Marsha P. Johnson era una donna trans afroamericana che dà inizio nel giugno 1969 ai moti di Stonewall, ribellandosi alla brutalità della polizia e alle leggi ingiuste. È lei a scagliare un mattone contro una volante della polizia, in quanto è lei ad essere oggetto oppresso di una società razzista, sessista e transfobica. Una serie di ingiustizie e discriminazioni che Marsha e le sue sorelle non volevano più vivere, e vale oggi come allora: senza giustizia la rabbia prenderà sempre il sopravvento, e finché non ci sarà giustizia non porta nemmeno esserci pace. 

Il fatto che il movimento Black Lives Matter abbia una vocazione inclusiva verso l’identità di genere e le diverse forme di espressione della sessualità è sicuramente un punto di forza, perché ha ben chiaro che serve un approccio intersezionale per smantellare l’oppressione sociale e sistematica che permea questa comunità. Di questo fortunatamente sembra rendersi conto anche la comunità LGBTQ+, e il mondo dell’associazionismo presente al suo interno. In una lettere aperta di pochi giorni fa 75 associazioni LGBTQ+ americane si rivolgono “soprattutto alle persone non nere” si legge, con l’invito a “fare meglio” per sostenere le proteste in corso. 
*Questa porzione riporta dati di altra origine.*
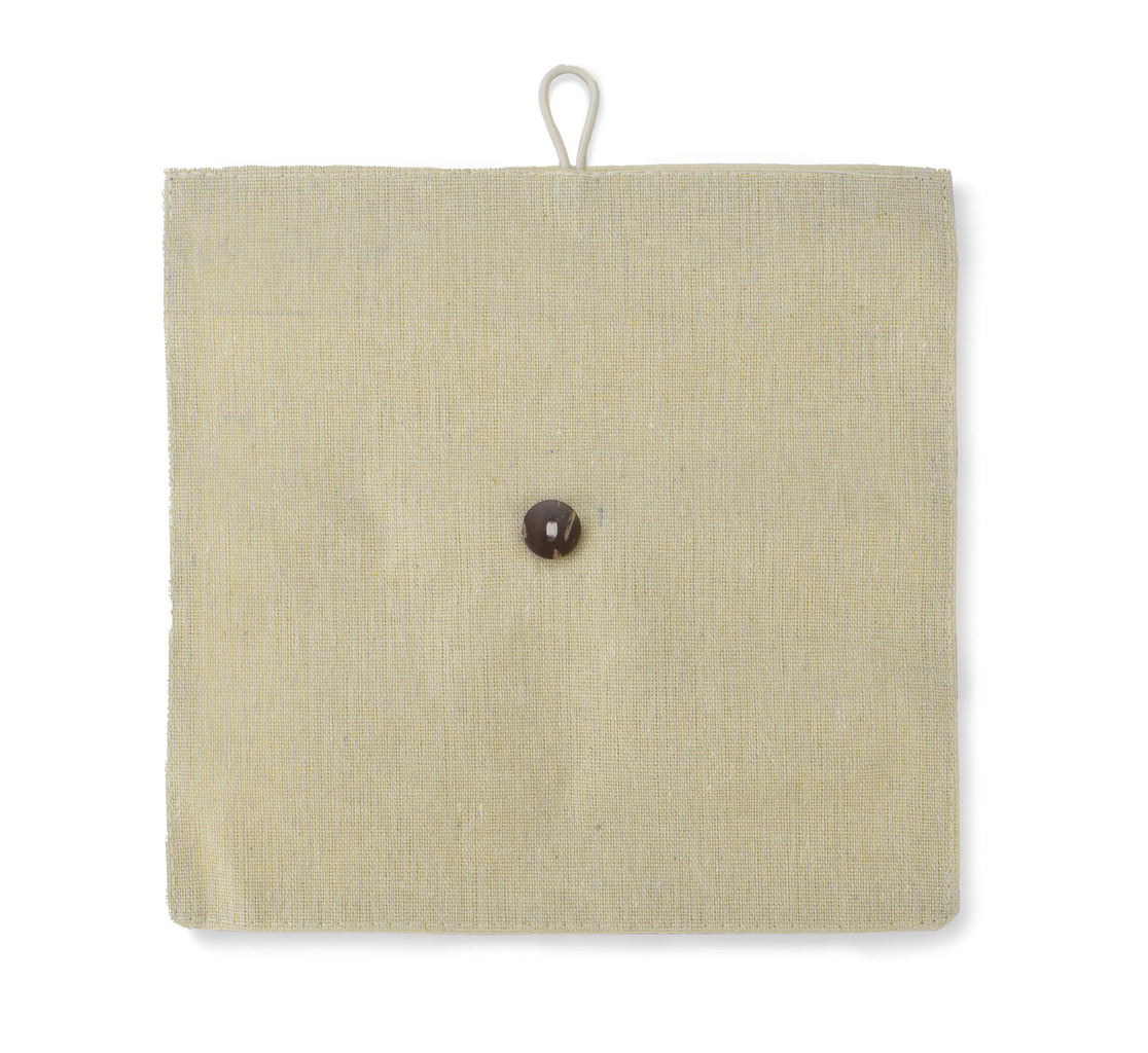 Ekologická pouzdro na tužky vyrobené z bavlněného lnu. Uzavřeno knoflíkem. Soubor obsahuje 3 ekologické kuličkové pera (černé, modré, červené), tužku, tužkovač, gumu, pravítko. Logo bude tisknuto.

La lettera supporta la rivolta invitando i membri della comunità LGBTQ+ che condannano le violenze di piazza a farsi un ripassino della storia del loro movimento, spiegando che senza i moti di Stonewall e altre proteste simili i diritti di cui la comunità gode oggi non esisterebbero. 
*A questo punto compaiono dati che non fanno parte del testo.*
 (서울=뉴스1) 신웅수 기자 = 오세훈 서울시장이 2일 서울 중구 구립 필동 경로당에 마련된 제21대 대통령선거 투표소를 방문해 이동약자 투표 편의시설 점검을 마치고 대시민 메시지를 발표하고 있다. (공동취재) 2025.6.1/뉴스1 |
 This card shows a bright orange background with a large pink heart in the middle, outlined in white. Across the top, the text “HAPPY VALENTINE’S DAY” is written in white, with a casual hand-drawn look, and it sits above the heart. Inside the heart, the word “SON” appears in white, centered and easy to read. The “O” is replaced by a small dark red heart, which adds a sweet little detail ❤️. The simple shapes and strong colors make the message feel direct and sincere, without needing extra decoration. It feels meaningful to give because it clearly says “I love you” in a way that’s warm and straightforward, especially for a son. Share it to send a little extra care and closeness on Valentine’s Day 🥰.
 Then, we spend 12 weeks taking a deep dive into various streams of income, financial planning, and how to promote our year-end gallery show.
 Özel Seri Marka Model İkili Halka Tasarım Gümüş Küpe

Le organizzazioni LGBTQ+ invitano i loro membri a lottare insieme per porre fine al razzismo sistematico e alla supremazia bianca: “non come corollari necessari alla nostra missione, ma come parte integrante dell'obiettivo della piena uguaglianza per le persone LGBTQ+". 

E ancora "celebriamo giugno come mese dell'orgoglio, perché commemora, in parte, le nostre resistenze alle violenze e alla brutalità della polizia a Stonewall a New York City e in precedenza in California, quando tale violenza era comune e normale. Lo ricordiamo come un momento decisivo in cui ci siamo rifiutati di accettare l'umiliazione e la paura come prezzo per vivere pienamente, liberamente e autenticamente. Comprendiamo cosa significa sollevarsi e respingere una cultura che ci dice che siamo meno, che le nostre vite non contano. Oggi ci uniamo di nuovo per dire Black Lives Matter e ci impegniamo per l'azione richiesta da quelle parole."